In [1]:
import numpy as np
import pandas as pd
import math
from matplotlib import pyplot as plt

from sklearn.linear_model import LogisticRegression
from sklearn.model_selection import cross_val_score
import statsmodels.api as sm
%matplotlib inline
pd.options.display.float_format = '{:.3f}'.format

# Suppress annoying harmless error.
import warnings
warnings.filterwarnings(action="ignore", module="scipy", message="^internal gelsd")

  from pandas.core import datetools


Now that you have two new regression methods at your fingertips, it's time to give them a spin. In fact, for this challenge, let's put them together! Pick a dataset of your choice with a binary outcome and the potential for at least 15 features. If you're drawing a blank, the crime rates in 2013 dataset has a lot of variables that could be made into a modelable binary outcome.
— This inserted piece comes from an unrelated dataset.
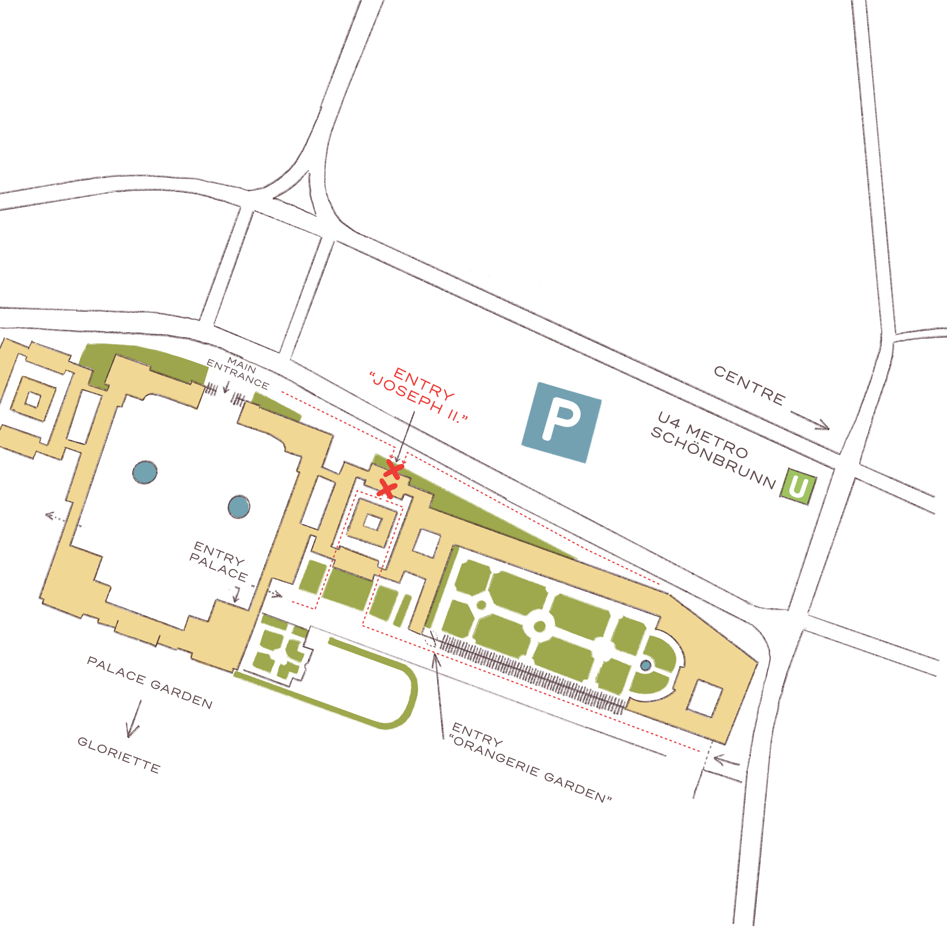 The restaurant is situated between the Orangery and the main entrance of Schoenbrunn Palace, across from the Schoenbrunn bus parking lot
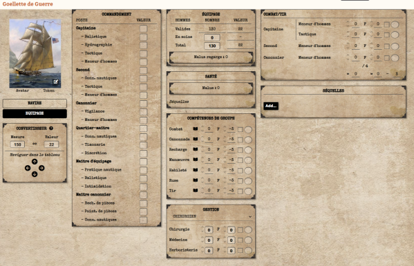 Hey, un grand merci pour ton soutien et tes encouragements. On n'a bossé dur pendant 4 mois et le résultat est vraiment top. Le craft de la fiche navire est à tomber à la renverse. On n'a automatisé tout ce qui pouvait l'être pour rendre dynamique les combats en mer. Idem avec la gestion de l'équipage. Reste plus qu'à espérer que les joueurs viennent tester le système gratuit et créés des tables pour jouer avec. On m'a conseillé de mettre des copies d'écran, mais il faut que mes images soient hébergées sur un serveur. Tu me conseillerais quoi pour booster sa visibilité ?

Engineer your features, then create three models. Each model will be run on a training set and a test-set (or multiple test-sets, if you take a folds approach). The models should be:

1. Vanilla logistic regression
2. Ridge logistic regression
3. Lasso logistic regression

In your report, evaluate all three models and decide on your best. Be clear about the decisions you made that led to these models (feature selection, regularization parameter selection, model evaluation criteria) and why you think that particular model is the best of the three. Also reflect on the strengths and limitations of regression as a modeling approach. Were there things you couldn't do but you wish you could have done?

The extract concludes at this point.